Dream Sketch #1
恐ろしいバケモノとの戦いの後、何もない空間の中に、ちっぽけなボクは放り出された。
あれから、とても長い間深い眠りについていたような気がする。
ある時、突然目が覚めた。
ボクの名前を呼ぶ懐かしい友達の声が、すぐ近くで聞こえた。
「いやー、大変だったな、お前。よく帰って来てくれたな!」
みんなが口々にそう言った。
どうやら、僕は無事に元の世界に帰ってこられたようだ。
僕は大事なことを思い出した。
親友の女の子……さっき声をかけて呼び起こしてくれた男の子のお姉さんに会いに行かないと。

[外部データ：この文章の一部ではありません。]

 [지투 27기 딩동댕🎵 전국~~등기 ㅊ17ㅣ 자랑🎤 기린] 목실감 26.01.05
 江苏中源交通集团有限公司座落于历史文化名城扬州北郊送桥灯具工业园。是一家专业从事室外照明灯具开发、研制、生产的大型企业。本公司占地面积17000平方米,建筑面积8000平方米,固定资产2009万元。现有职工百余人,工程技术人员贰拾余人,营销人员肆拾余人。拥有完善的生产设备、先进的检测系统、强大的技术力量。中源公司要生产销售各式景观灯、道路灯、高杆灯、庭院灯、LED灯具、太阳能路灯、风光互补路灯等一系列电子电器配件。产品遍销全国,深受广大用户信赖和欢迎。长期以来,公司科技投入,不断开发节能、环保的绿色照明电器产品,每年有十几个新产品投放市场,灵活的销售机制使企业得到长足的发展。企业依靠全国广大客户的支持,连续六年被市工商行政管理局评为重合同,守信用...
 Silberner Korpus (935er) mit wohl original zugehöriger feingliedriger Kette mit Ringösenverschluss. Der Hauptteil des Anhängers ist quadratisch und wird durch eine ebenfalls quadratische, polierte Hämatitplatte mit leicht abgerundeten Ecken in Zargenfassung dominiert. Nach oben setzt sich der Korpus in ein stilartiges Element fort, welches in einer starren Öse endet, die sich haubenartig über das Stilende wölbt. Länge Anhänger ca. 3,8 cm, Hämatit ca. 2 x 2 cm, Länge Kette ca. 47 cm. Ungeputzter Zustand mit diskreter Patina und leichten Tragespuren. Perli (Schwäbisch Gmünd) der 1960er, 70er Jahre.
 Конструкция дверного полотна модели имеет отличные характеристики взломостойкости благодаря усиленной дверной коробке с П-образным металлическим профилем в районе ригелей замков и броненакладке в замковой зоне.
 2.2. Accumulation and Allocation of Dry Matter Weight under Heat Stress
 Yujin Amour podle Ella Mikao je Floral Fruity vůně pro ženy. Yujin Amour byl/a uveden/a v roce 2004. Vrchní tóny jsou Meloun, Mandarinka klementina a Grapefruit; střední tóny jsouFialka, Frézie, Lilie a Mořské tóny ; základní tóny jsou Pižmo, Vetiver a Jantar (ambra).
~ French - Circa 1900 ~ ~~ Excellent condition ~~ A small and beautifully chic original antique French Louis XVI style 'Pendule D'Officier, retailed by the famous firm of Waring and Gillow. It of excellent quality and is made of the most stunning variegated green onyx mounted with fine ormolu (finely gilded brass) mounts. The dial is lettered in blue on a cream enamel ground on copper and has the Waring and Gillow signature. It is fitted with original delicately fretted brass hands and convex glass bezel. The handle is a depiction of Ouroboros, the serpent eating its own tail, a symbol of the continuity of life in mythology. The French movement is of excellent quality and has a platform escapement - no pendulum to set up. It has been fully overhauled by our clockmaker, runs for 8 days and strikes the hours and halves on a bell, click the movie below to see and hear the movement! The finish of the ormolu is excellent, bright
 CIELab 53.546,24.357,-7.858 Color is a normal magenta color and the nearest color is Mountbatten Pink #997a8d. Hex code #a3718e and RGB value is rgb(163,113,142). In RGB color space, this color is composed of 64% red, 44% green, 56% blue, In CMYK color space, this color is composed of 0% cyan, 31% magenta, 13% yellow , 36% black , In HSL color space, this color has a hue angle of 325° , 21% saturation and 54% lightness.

彼女は僕のことをいつも心配してくれて、ずっとそばにいてくれたから。
無事に帰ってこれたって、早く報告しなきゃ。
ねぇ、キミのお姉さんは?
「……は?ねーちゃん?俺には姉ちゃんなんていねえよ。」
……え?
「どうしたんだよ、お前。ずっと眠ってたし、変な夢でもみてたのかもな」
……何か、ヘンだ。
そのあと、村の人と話をしたり、歩き回ったりして様子を見てみたけれど、
僕の知っているミホビレッジとは、何かが少しずつ違っていた。
「あんたが魔物と戦う戦士だって? そりゃあ、あんたの見てた夢の話なんじゃないのかい」
僕は魔物と戦える唯一の戦士……ではないのだという。
そもそも、この村には魔物なんて一度も出たことがないらしい。
「王様? ああ、昔はいたらしいけどね。そんな迷惑な王様がいるんだったら、みんなに文句を言われて追い出されてるだろうね」
僕にさんざんいじわるをしてきたあの「国王」も、この村にはいないらしい。
……ここは、どこ?
ぼくの知っている場所…………じゃない。
「まあ、色々戸惑うのも無理ないかもね。キミはほんの数か月前にここに来たばっかりなんだし」
そんなはずはない。
……僕は、確かに元からこの村の住民であったわけじゃない。
でも、数か月とかじゃなくて、もっと前からここにいたはずだ。
みんなに「いない」と言われた、僕の親友。
僕が、この世界にずっと前からいたっていう証。
みんなに「ない」と言われ続けても、ぼくは一人で探し続けた。
……探してただけなのに。どうして。
気が付けば、僕は独りぼっちになっていた。
「あんたはさぁ、何かにつけて夢の話をしてくるよね。だから、この村じゃそんなやつはいないし、君もただの村人なんだよ。いい加減、夢から醒めたらどうだい」
「お前また勇者気取りかよ? そんなの、今の時代にはいないっつーの」
「おーい、聞いたか? あいつ、また変なこと言い出したぞ! 村のみんなに言いふらして恥ずかしい思いさせてやろうぜ!」
こんな世界、ぼくが居て何になるの……?
ああ、あの暖かい世界に帰りたい。
僕がよく知っているあのミホビレッジに帰りたい。
誰か、助けて。
帰れないのなら、このまま消えてしまいたいよ。
あの青い空に、
星が小さく瞬く夜空に……
空に溶けて
消えてしまいたい
一人で夜空を見上げてたら、僕の周りが全部夜空になった。
あの時……バケモノと戦ったときと同じように。
そしてまた、深い深い眠りについた。
暖かい暗闇の中に僕はいた。
闇の中の温もりを感じ取った時、どこからかとても懐かしい声が聞こえてきた。
「おかえり。ずっと待ってたのよ」
それは、僕がずっと探していた親友の声だった。
「おっ、村を救った勇者サマのお目覚めだ! みんなを呼んでこよう!」
……ねえ、ここはどこ?
「ミホビレッジにあるあなたの家よ」
……じゃあ、きっとあれは、僕が見ていた悪い夢だったんだ……
この世界すらも、あの夢の続きだったことを知ったのは、それからずっと後のことだった。